Spread of Ca²⁺ transients in the ICC network of murine small intestine. ICC were loaded with fluo 4. Sequence of video images shows development of Ca²⁺ transient in ICC-MY and spread of wave front from upper left quadrant to whole image. Streaks of fluorescence are longitudinal smooth muscle cells (LM) that are above the ICC-MY network. Note that ICC fire Ca²⁺ transients prior to events in LM. Ca²⁺ transients in regions of interest in ICC-MY and LM cells are shown as traces as a function of time in the bottom right of figure. Spatiotemporal maps were constructed from repetitive Ca²⁺ transients sweeping through the ICC-MY network. [Redrawn from Hennig et al. (147). Copyright 2010 Blackwell Publishing Ltd.]

FIGURE 10.

Interstitial cells in bladder and oviduct. A–C: PDGFRα⁺ cells in the detrusor muscle of cynomolgus monkey (Macaca fascicularis) bladder. A and B: cryostat cross sections through the detrusor wall.

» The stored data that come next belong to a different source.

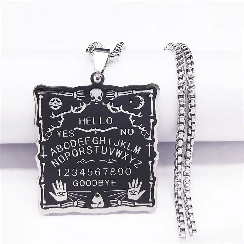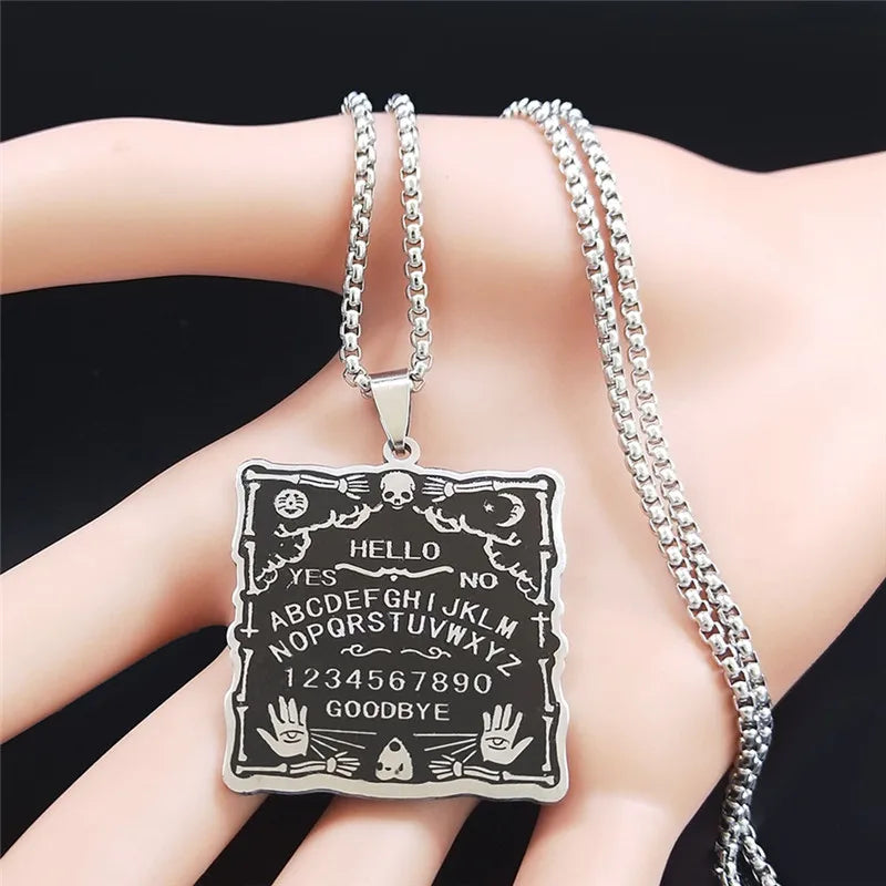 Collar de acero inoxidable con diseño de tablero Ouija, de brujería, adivinación, sol, luna, mano, calavera, color plata, joyería, collares de acero inoxidable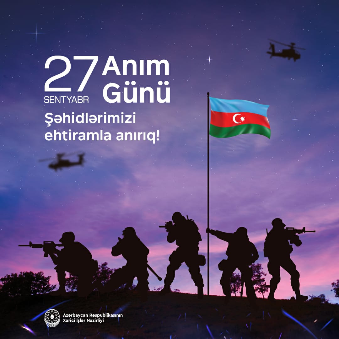 Azərbaycan Respublikasının Xarici İşlər Nazirliyi "Twitter" hesabında 27 sentyabr Anım Günü ilə bağlı paylaşım edib.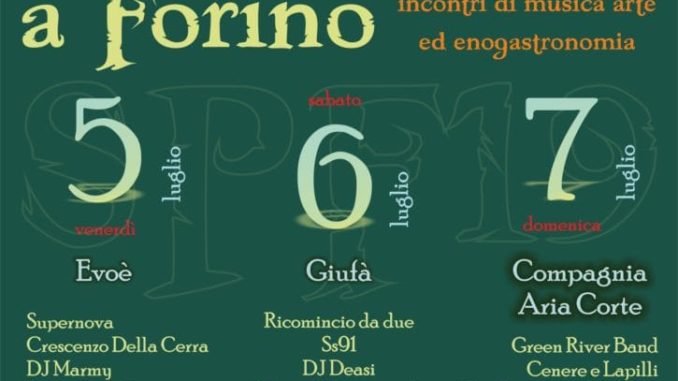 Venerdì 5 luglio dalle ore 21:30 ci saranno: i Supernova, band campana che rivisita, in chiave acustica, brani della musica italiana dagli anni ’60 agli anni ’90; Crescenzo Della Cerra, giovane artista forinese che propone un live show Karaoke nel quale cantare le più belle canzoni italiane e straniere e scatenarsi con balli di gruppo più di moda; Dj Marmy con una selezione musicale che ripercorre le sonorità della Musica Latina dalla tradizione alla modernità; Il Trampoliere che con una innata eleganza e il tocco di colore dei costumi di scena, stupirà tutti i passanti con le sue doti di equilibrismo; Mary Poppins e le bolle di sapone che propone uno spettacolo nel quale, come nella favola di Disney, dalla sua valigia farà uscire con un soffio di passione, enormi bolle di sapone. Chiuderanno la serata nel palco centrale di Largo Ponte gli EVOE’, gruppo di musica popolare nato nel beneventano dove i vari componenti, dopo un’attenta ricerca etnica sul territorio, danno vita ad un progetto musicale che rispetta la tradizione e le sonorità tipiche della propria terra volgendo lo sguardo a nuove sonorità.Sabato 6 luglio dalle ore 21:30 ci saranno: i Ricomincio da due, progetto che unisce musica e teatro in ricordo di due artisti immensi: Pino Daniele e Massimo Troisi, ripercorrendo tutta la loro carriera artistica fin dagli esordi; Gli SS91, formazione musicale proveniente dalla Baronia omaggiano cantautori italiani e stranieri come Mannarino, Jovanotti, Manu Chao, Bandabardò ed altri, oltre ad eseguire brani inediti; i DEEPP Dj-Set che propone un sti ne che parte dal Reggae, generalmente di produzione più recente e seguendo una selezione che prevede scelte dettate dai bpm e da sonorità simili, con ritmi sempre più decisi e incalzanti, arriva ai più spinti groove della dance hall jamaicana; Mr. Fiorentino torna con il suo nuovo spettacolo, un art di che emoziona il pubblico nazionale ed internazionale con performance di fuoco e contact juggling; Maria Russel, proveniente dal cast di Italia’s got talent, lascerà incantati e senza parole adulti e bambini con numeri di illusionismo, apparizioni e magie. Chiuderanno la serata nel palco centrale di Largo Ponte i GIUFÀ, band Siciliana nata nel 2008 che si colloca all’interno della scena musicale World Music europea con un genere che spazia dal Klezmer al Balkan-Beat con una forte matrice rock. Riff di fiati incalzanti, chitarre distorte, cassa in quattro e sonorità balcaniche, sono i quattro ingredienti principali che riescono a trascinare, coinvolgere e far saltare il pubblico di ogni età. A seguire ci sarà DEASI, giovane Deejay-Producer viterbese di grande talento che già all’età di soli 14 anni aveva attirato molta attenzione su di sé da parte di alcuni grandi nomi e profili rispettati nel settore. Il suo dj set è una miscela di pura energia grazie al suo suono inconfondibile.

At least two populations of PDGFRα⁺ cells were observed: cells within (arrowheads) and surrounding detrusor muscle bundles (arrows). PDGFRα⁺ cells also appeared to bridge between adjacent muscle bundles (*). C: flat-profile cryostat section through the detrusor. PDGFRα⁺ cells located within (arrowheads) and between (arrows) muscle bundles are present. D–F: ICC and PDGFRα⁺ cells within the mouse and cynomolgus monkey oviduct. A and B: ICC within the myosalpinx of mouse (D) and monkey (E) form an anastomosing network of cells (arrows). These cells have been shown to provide electrical pacemaker function for propulsive contractions in the oviduct (see text for details). F: double labeling of PDGFRα⁺ cells in a cross section of the isthmus region of the mouse oviduct. Tissue comes from Pdgfra^{tm11(EGFP)Sor}/J mice that have constitutive expression of eGFP in nuclei driven off the Pdgfra promoter. The tissues were double-labeled with antibodies against PDGFRα. Thus the soma and cytoplasmic processes of PDGFRα⁺ cells are labeled with antibody (red), and nuclei of PDGFRα⁺ cells are green. A dense population of these cells were observed within the myosalpinx (arrowheads) and within the submucosa and endosalpinx (arrows) of the oviduct. The specific functions of these cells have not been determined. Scale bars are as indicated in each panel. (Authors are grateful to Dr. Rose Ellen Dixon for images shown in D and E.)